● Task requirements: Using the listing below, retype only the lines from the line with "Ankara Barosu olarak;" through the end, both ends included, and exclude the pictures.

.....

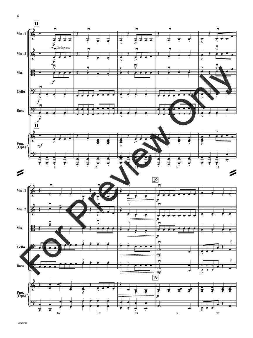 Designed to give students experience reading G and C string notes, this electrifying rock-style piece uses simple rhythms, accents, staccato, and changing dynamics for an exciting effect. Every section gets a chance to play the hard-driving melodies and an optional piano part adds extra support and percussive emphasis. Powerful!
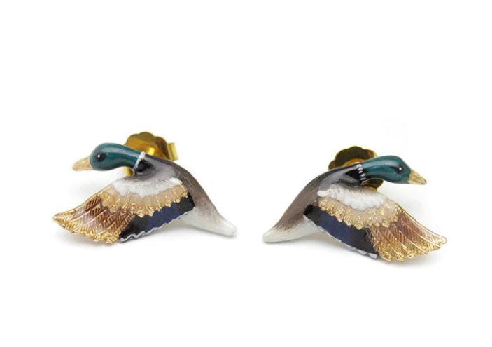 Look at the Flying Ducks ! These sit on your ears so beautifully and appear to the be flying up your ears. The details is just stunning. Hand painted enamel on brass and finished with 18k gold details. Exquisitely detailed - you will love these earrings and will I am sure get many comments about them.
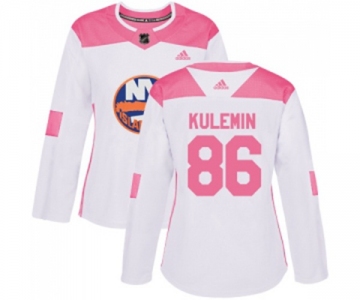 Women Adidas New York Islanders #86 Nikolay Kulemin Authentic White Pink Fashion NHL Jersey
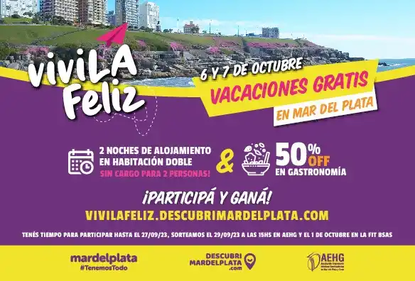 La Asociación Empresaria Hotelera y Gastronómica de Mar del Plata puso en marcha una acción promocional denominada “ViviLa Feliz”, en la que se sortean 200 paquetes de 2 noches de alojamiento en habitación doble para dos personas sin cargo y 50% de descuento en gastronomía en los locales adheridos para ser utilizados de manera exclusiva los días 6 y 7 de octubre.
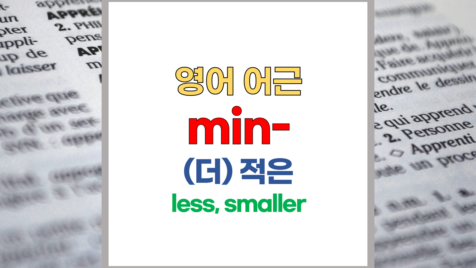 | 영어 어근 minor, min-은 라틴어(Latin) minor, minus, minuere, minimus에서 유래했습니다. 작은, less, smaller, make small라는 기본적인 의미를 갖고 있습니다. |
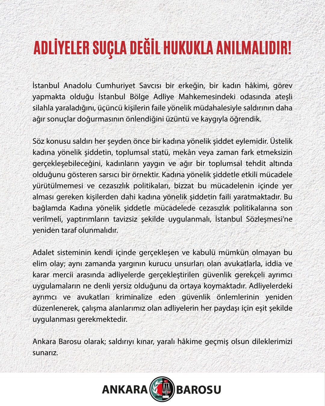 Ankara Barosu olarak; saldırıyı kınar, yaralı hâkime geçmiş olsun dileklerimizi sunarız.
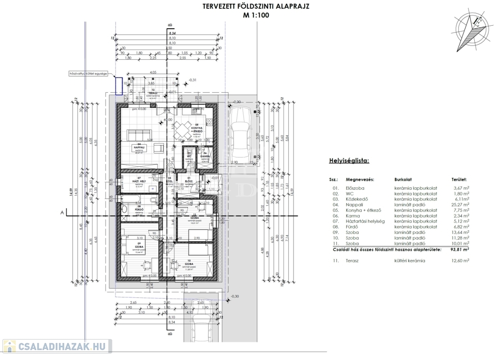 Vácon, a csendes és jól megközelíthető Ösvény utcában kínálunk eladásra egy 502 m²-es telken épülő új, kulcsrakész önálló családi házat, 93,81 m² nettó hasznos lakótérrel és 12,6 m²-es terasszal.

.....

● Exercise output:
 Ankara Barosu olarak; saldırıyı kınar, yaralı hâkime geçmiş olsun dileklerimizi sunarız.
 Vácon, a csendes és jól megközelíthető Ösvény utcában kínálunk eladásra egy 502 m²-es telken épülő új, kulcsrakész önálló családi házat, 93,81 m² nettó hasznos lakótérrel és 12,6 m²-es terasszal.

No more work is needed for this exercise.